Sir William Withey Gull.
Gull rose from very humble beginnings to being physician to the Royal Family. He was born aboard The Dove, a canal barge, moored near St Osyth Mill, Saint Leonard, Colchester, Essex on 31 Dec 1816. He was a very wealthy man at the time of his death on 29 Jan 1890. When his will was probated he left an estate valued at just over £340,000 - an enormous sum in those days.
William Withey Gull became a Fullerian Professor of Physiology in 1847 and, in 1848, he gave the Gulstonian lectures (on paralysis) before the Royal College of Physicians.
Gull is also distantly related to Fuller - his daughter Caroline Cameron Gull married Dr. Theodore Dyke Acland who the first cousin three times removed of Fuller’s brother-in-law Sir John Palmer Acland. It was son-in-law Dr Theodore Dyke Acland who, continuing his father Sir Henry Wentworth Dyke Acland’s work, wrote the definitive biography of Dr Gull.
"Sir William Gull coined the name 'anorexia nervosa'. Examples of self-starvation appeared in the Hellenistic era. Holy anorexics abused their bodies, rejected marriage and sought religious asylum where many perished and became saints. The condition then paled into obscurity until the 19th century. Louis-Victor Marce (1828-1864) described such a patient in 1859, but Richard Morton is generally credited with the first medical description of anorexia nervosa in 1689." JMS Pearce, European Neurology, 2004;52(4):191-2. Epub 2004 Nov 10.
His name is given to Gull’s Disease (Myxoedema)– an adult form of hypothyroidism that affects females six times more frequently than males. He conducted extensive research into the causes of paraplegia and categorized it into three distinct types - spinal, peripheral and encephalic. For more on Gull's medical work read Sir William Withey Gull ( 1816 - 1890) by JMS Pearce.
Dr Gull’s service to the Royal Family led to two things – his being created a baronet, and speculation that he was involved with the Jack the Ripper case.

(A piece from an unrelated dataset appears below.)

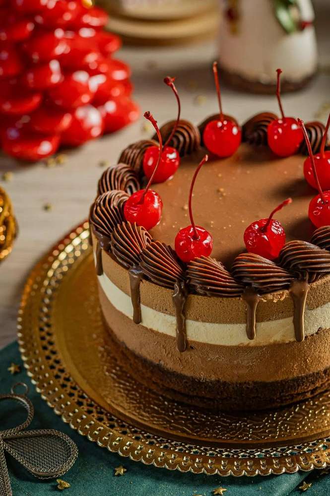Pão de ló de chocolate com mousses de chocolate, chocolate branco e gianduia, ganache e cerejas chilenas. Serve 10 pessoas.
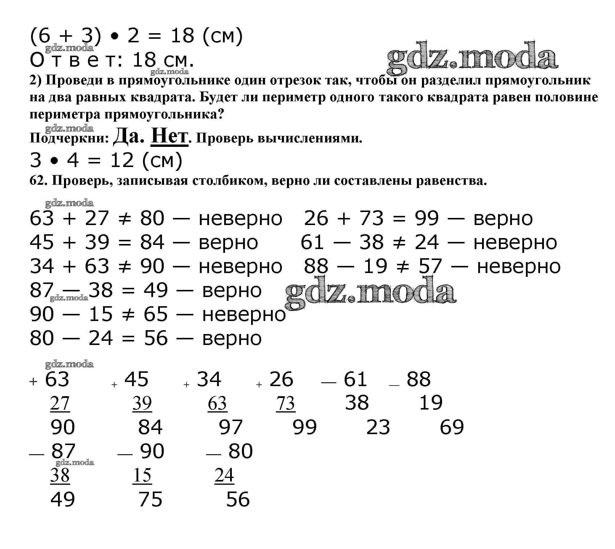 ОТВЕТ на задание № 63 Рабочая тетрадь по Математике 2 класс Волкова Школа России

He was created baronet in 1872 after successfully treating the Prince of Wales, Albert Edward (later King Edward VII) for typhoid, the previous year. He was also Queen Victoria’s personal physician. These two patients contributed to his becoming wealthier than any English doctor before him.
Royal and Masonic conspiracies abound in Jack the Ripper theories and have been much played up in fiction written about the "Whitechapel Murders". At the time of the first murder, 4 April 1888, Gull was 72 years old and already suffered partial paralysis from a stroke. Gull died more than a year before the final murder was committed on February 13, 1891.
In 1970, Dr. T.E.A. Stowell theorized that Prince Albert Victor (son of Prince of Wales, Albert Edward and grandson of Queen Victoria) was Jack the Ripper.
"Stowell claimed that Albert Victor had contracted syphilis after a visit to the West Indies, that it had driven him insane, and that in this state of mind he had perpetrated the five "canonical" Jack the Ripper murders. Stowell wrote that following the murders of 30 September 1888, Albert Victor was restrained by his own family in an institution in the south of England, but later escaped to commit the final murder on 9 November. Stowell further claimed that Albert Victor died of syphilis, and gave as his source an account written in private by Sir William Gull, a reputable physician who had treated members of the royal family." Source: Wikipedia
Gull’s role in this account can be easily dismissed – he died two years before the Prince and so did not witness his death.
Unfortunately, many writers refuse to let truth get in the way of a good story, and so the good name of a successful and learned physician, a Fullerian Professor who made great contributions to science, Dr William Withey Gull, has been co-opted in to the realm of thriller fiction.